┌────────

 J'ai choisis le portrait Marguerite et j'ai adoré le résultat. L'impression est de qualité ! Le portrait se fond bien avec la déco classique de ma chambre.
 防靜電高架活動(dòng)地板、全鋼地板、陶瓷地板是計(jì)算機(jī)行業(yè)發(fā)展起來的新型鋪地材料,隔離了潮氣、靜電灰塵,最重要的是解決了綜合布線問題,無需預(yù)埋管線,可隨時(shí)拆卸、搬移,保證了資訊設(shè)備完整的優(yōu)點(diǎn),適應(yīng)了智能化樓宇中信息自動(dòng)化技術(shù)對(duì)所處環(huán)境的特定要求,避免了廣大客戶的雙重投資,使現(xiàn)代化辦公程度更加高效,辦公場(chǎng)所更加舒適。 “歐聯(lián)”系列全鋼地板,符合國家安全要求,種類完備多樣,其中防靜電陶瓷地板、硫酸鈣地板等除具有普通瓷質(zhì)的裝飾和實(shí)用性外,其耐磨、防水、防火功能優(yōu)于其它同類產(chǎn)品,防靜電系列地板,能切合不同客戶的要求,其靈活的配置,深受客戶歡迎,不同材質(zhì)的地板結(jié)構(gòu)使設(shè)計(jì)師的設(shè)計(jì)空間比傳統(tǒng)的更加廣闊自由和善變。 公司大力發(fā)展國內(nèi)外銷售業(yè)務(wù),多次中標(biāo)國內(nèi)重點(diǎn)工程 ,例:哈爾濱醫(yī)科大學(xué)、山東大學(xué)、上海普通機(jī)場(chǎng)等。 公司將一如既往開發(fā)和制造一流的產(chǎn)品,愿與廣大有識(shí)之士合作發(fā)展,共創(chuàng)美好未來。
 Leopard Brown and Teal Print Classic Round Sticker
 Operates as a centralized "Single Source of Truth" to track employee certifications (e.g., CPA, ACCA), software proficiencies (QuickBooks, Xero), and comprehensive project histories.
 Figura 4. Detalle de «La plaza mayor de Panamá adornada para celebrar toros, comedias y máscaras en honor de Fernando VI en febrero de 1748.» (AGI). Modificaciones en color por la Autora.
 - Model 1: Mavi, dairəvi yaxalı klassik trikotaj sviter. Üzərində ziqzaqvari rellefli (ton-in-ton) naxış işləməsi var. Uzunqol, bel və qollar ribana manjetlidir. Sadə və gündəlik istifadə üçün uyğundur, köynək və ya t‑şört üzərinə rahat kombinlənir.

└────────

§ **WORK REQUEST**
If a line comes after the one that contains "Operates as a", leave it out; return every line of the entries up to that point exactly, starting with the first, with that line included.

§ **ANSWER TO THIS EXERCISE**
 J'ai choisis le portrait Marguerite et j'ai adoré le résultat. L'impression est de qualité ! Le portrait se fond bien avec la déco classique de ma chambre.
 防靜電高架活動(dòng)地板、全鋼地板、陶瓷地板是計(jì)算機(jī)行業(yè)發(fā)展起來的新型鋪地材料,隔離了潮氣、靜電灰塵,最重要的是解決了綜合布線問題,無需預(yù)埋管線,可隨時(shí)拆卸、搬移,保證了資訊設(shè)備完整的優(yōu)點(diǎn),適應(yīng)了智能化樓宇中信息自動(dòng)化技術(shù)對(duì)所處環(huán)境的特定要求,避免了廣大客戶的雙重投資,使現(xiàn)代化辦公程度更加高效,辦公場(chǎng)所更加舒適。 “歐聯(lián)”系列全鋼地板,符合國家安全要求,種類完備多樣,其中防靜電陶瓷地板、硫酸鈣地板等除具有普通瓷質(zhì)的裝飾和實(shí)用性外,其耐磨、防水、防火功能優(yōu)于其它同類產(chǎn)品,防靜電系列地板,能切合不同客戶的要求,其靈活的配置,深受客戶歡迎,不同材質(zhì)的地板結(jié)構(gòu)使設(shè)計(jì)師的設(shè)計(jì)空間比傳統(tǒng)的更加廣闊自由和善變。 公司大力發(fā)展國內(nèi)外銷售業(yè)務(wù),多次中標(biāo)國內(nèi)重點(diǎn)工程 ,例:哈爾濱醫(yī)科大學(xué)、山東大學(xué)、上海普通機(jī)場(chǎng)等。 公司將一如既往開發(fā)和制造一流的產(chǎn)品,愿與廣大有識(shí)之士合作發(fā)展,共創(chuàng)美好未來。
 Leopard Brown and Teal Print Classic Round Sticker
 Operates as a centralized "Single Source of Truth" to track employee certifications (e.g., CPA, ACCA), software proficiencies (QuickBooks, Xero), and comprehensive project histories.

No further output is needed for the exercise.